Friday, December 10, 2010


There was a man who said that if you controlled a man's heart then you controlled him as well. Every day our emotions are played upon in the world of marketing and advertising. If the company behind the ads can make you feel like you need to buy something, then they will see your dollars in your hands often enough. They want to captivate you, they want you to be their captive. If they own your heart, they will own your wallet.

We as humans do it to each other. We take things we say to one another or do to one another, and we exploit them, wave them in each others faces, and we take advantage of other people's feelings so we can get what we want out of them (which is a long list of things I will refrain from posting here). We take an emotion the other person has felt or is susceptible to feeling and use to to hold that person hostage. For example: a person I once knew was given information on how to help his marriage. He was told "it is obvious your wife feels this way, so to help her stop feeling this way, you should treat her like [this]." Defensive and angry, the man instead confronted his wife and said "Is it true you feel this way?! Is it true you are ______ and _______ ?!?! In spite of everything I do for you, you don't trust me?!" Any good counselor will tell you that this defensiveness will only push the walls up higher and make the heart harder to access, not bring about true connectivity.

And, my friends, it sadly seeps into our faith. Christianity itself has suffered greatly because of the emotional captivity some people make of it. I think back to tracts in the 80s or early 90s that were only interested in shoveling people's sins into the spotlight, exposing that person as a "rotten sinner," and convince them they were deserving of one thing only: hell. So many people were held hostage by guilt, living out their Christian lives not in a manner of freedom, but in bondage to the worry and fear they would never be good enough. Outsiders and non-believers or even those who claim faith but yet have little have a lot of discord in their lives.
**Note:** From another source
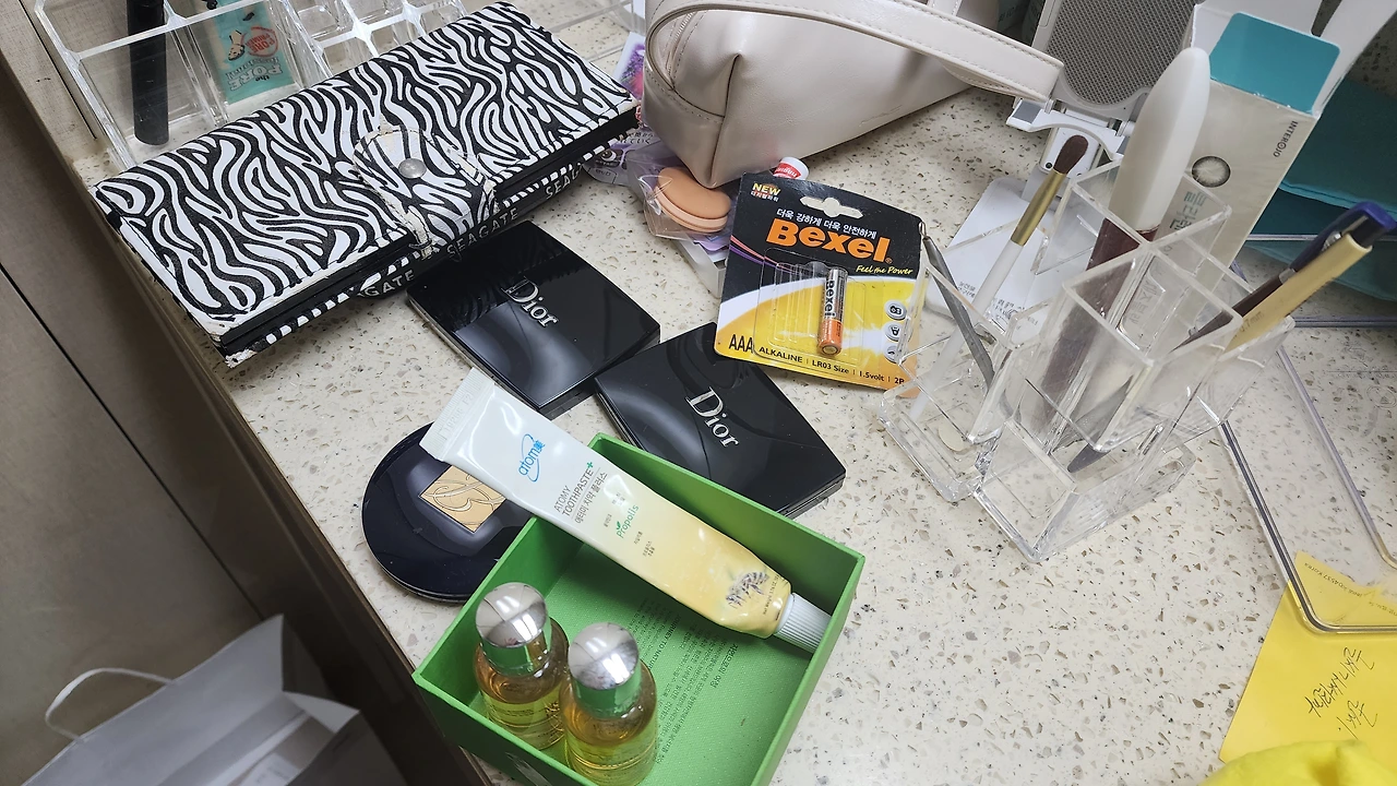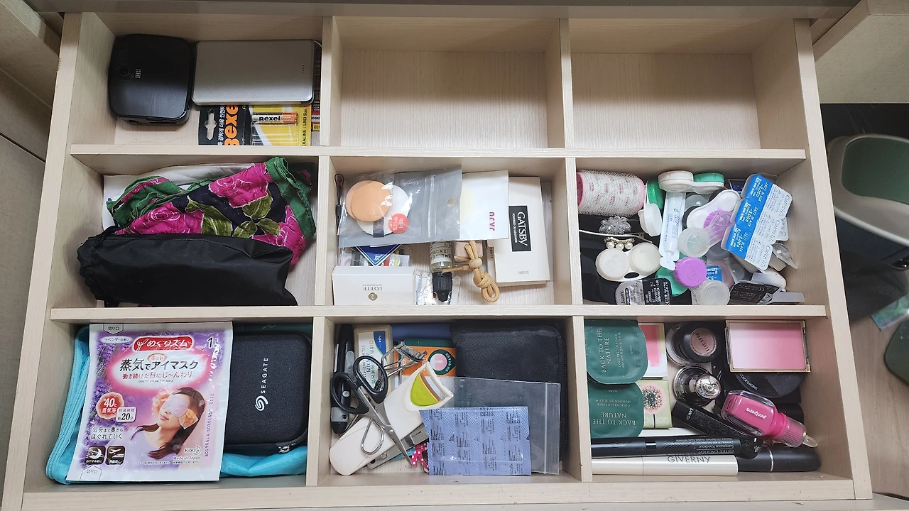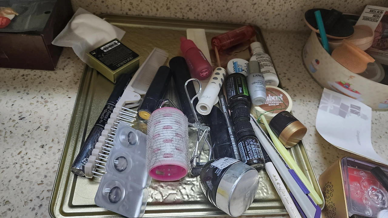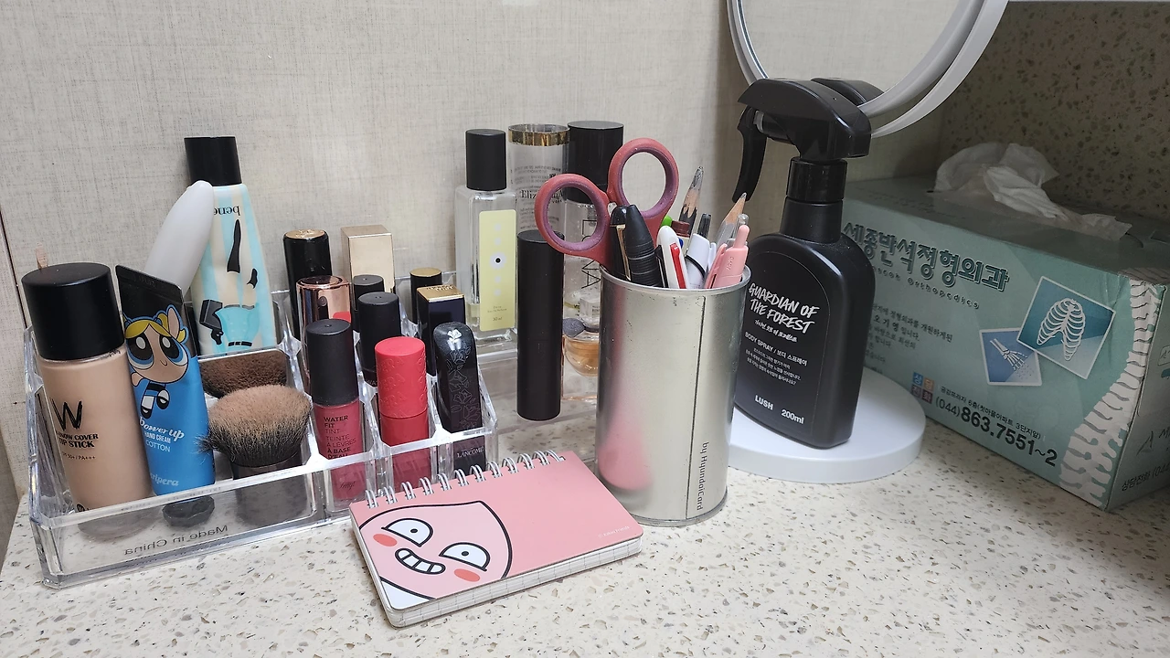 어제 정리하다 만 화장대 위는 환장의 콜라보다. 있는 물건을 모두 쓸어 담아 봉지에 넣어 내려놨다. 화장대 위엔 주로 매일 쓰는 화장품, 메이크업 화장품 외에도 액세서리, 동전, 통장, 확대거울, 펜통, 메이크업 브러시통들이 올려져 있다. 그런데 살다 보면 가장 많은 물건이 길을 잃고 헤매는 곳이 화장대와 부엌 싱그대 위인 것 같다. (치워야지 하는 생각이 들긴 하지만 오늘은 일단 내가 필요한 물건의 개수를 세는 일이 우선이다.)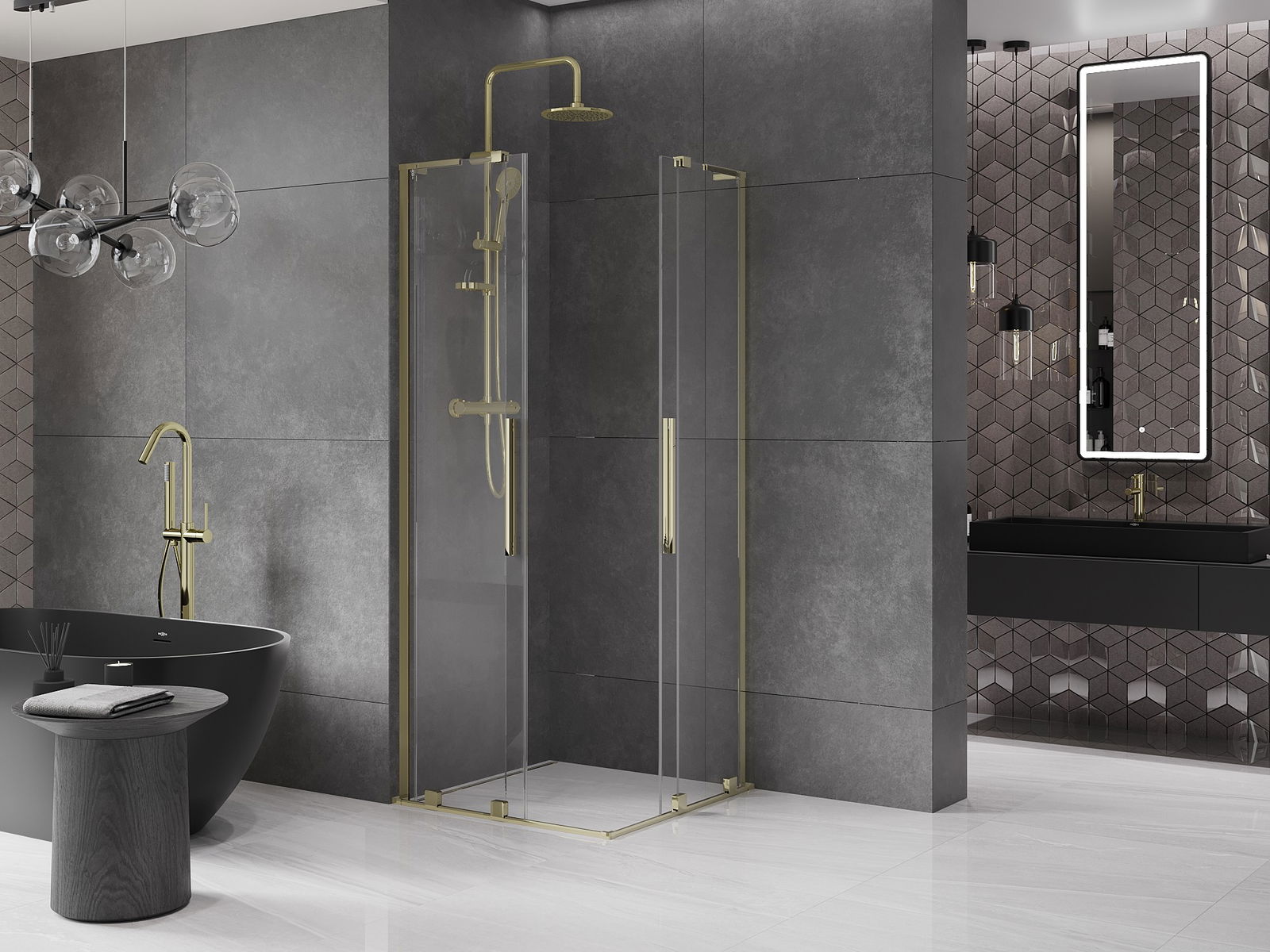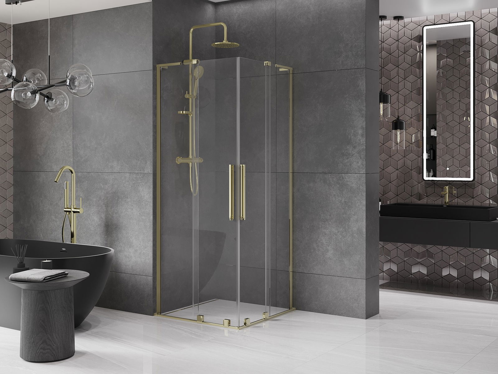 Mexen Velar L Duo Sliding Shower Enclosure 80 x 80 cm, Transparent, Gold - 871-080-080-02-03-50

There is a major lack of peace simply because our every day lives are dependent on us being hostage to feelings others have placated onto ourselves or us on ourselves as a result of others influence on us. Why would they openly accept and invite further captivity, and to guilt at that, into their lives?

I know the freedom from guilt did not really come about in my own life until I had an epiphany and started to truly believe who I am. I became cognizant of  not only the abilities within me, but also of the authority I have within me, of the responsibility I have to be a whole person and share my understanding with others. It was no longer time for me to be a person who kept other people hostage, but to be someone who gave them the keys to set themselves free.

In order to connect people to faith, especially those who have none, you have to show them the solid and wide bridge they have access to (the awareness of God's power within us), not the crusty, narrow, decaying old suspension bridge (a result of only having faith in our own selves: susceptible to failure) that they better hang on to if they want to make it to the other side. There is a fortitude in one possessing a faith that can trust and can love freely, and it is enough to empower anyone to feel an ease to invest in something that can be very difficult and trying along the way. I in no way mean to say that living a faith-filled life is a casual walk in the park: it requires a higher degree of diligence, perseverance, and exertion than what we have on our own. But, that is what the community is for, that is what healthy connectivity to our faith is is: a means in which we can overcome the hardships and travesties of life and grow in strength and wisdom.

Imagine in my earlier example of the husband and wife that the husband, instead of getting defensive, instead says "I understand that you feel _____, let me show you how you can instead feel ______." Or maybe he says nothing at all but, instead, lives it out as an example of the good things his wife has access to. We are called upon to be disciples, to be shining lights, to be strength where weakness abounds, not for our own benefit, but to be an example, a guiding light and a compass pointed towards the connectivity we robbed ourselves of with the simple act of eating a little piece of forbidden fruit.